Photochrom, Fotochrom, Photochrome or the Aäc process is a process for producing colorized images from a single black-and-white photographic negative via the direct photographic transfer of the negative onto lithographic printing plates. The process is a photographic variant of  chromolithography (color lithography). Because no color information was preserved in the photographic process, the photographer would make detailed notes on the colors within the scene and use the notes to hand paint the negative before transferring the image through colored gels onto the printing plates.

History
The process was invented in the 1880s by Hans Jakob Schmid (1856–1924), an employee of the Swiss company Orell Gessner Füssli—a printing firm whose history began in the 16th century. Füssli founded the stock company Photochrom Zürich (later Photoglob Zürich AG) as the business vehicle for the commercial exploitation of the process and both Füssli and Photoglob continue to exist today. From the mid-1890s the process was licensed by other companies, including the Detroit Photographic Company in the US (making it the basis of their "phostint" process), and the Photochrom Company of London.

Amongst the first commercial photographers to employ the technique were French photographer Félix Bonfils, British photographer Francis Frith and American photographer William Henry Jackson, all active in the 1880s.  The photochrom process was most popular in the 1890s, when true color photography was first developed but was still commercially impractical.

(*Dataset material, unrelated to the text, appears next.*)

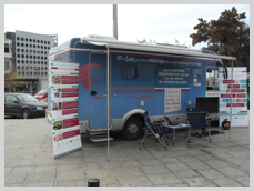 Σε μια από τις τελευταίες της στάσεις, η Κινητή Μονάδα Ενημέρωσης πέρασε από την κεντρική πλατεία της Γλυφάδας. Ο άσχημος καιρός δεν στάθηκε σύμμαχος αυτή τη φορά κι έτσι τα στελέχη της Μονάδας αναγκάστηκαν να παραμείνουν λιγότερες ώρες στην περιοχή. Παρόλα αυτά αρκετές γυναίκες ενημερώθηκαν για τον προσυμπτωματικό έλεγχο και ζήτησαν πληροφορίες για το πώς θα κλείσουν ραντεβού για να κάνουν το τεστ ΠΑΠ.

In 1898 the US Congress passed the Private Mailing Card Act which let private publishers produce postcards. These could be mailed for one cent each, while the letter rate was two cents. Publishers created thousands of photochrom prints, usually of cities or landscapes, and sold them as postcards. In this format, photochrom reproductions became popular. The Detroit Photographic Company reportedly produced as many as seven million photochrom prints in some years, and ten to thirty thousand different views were offered.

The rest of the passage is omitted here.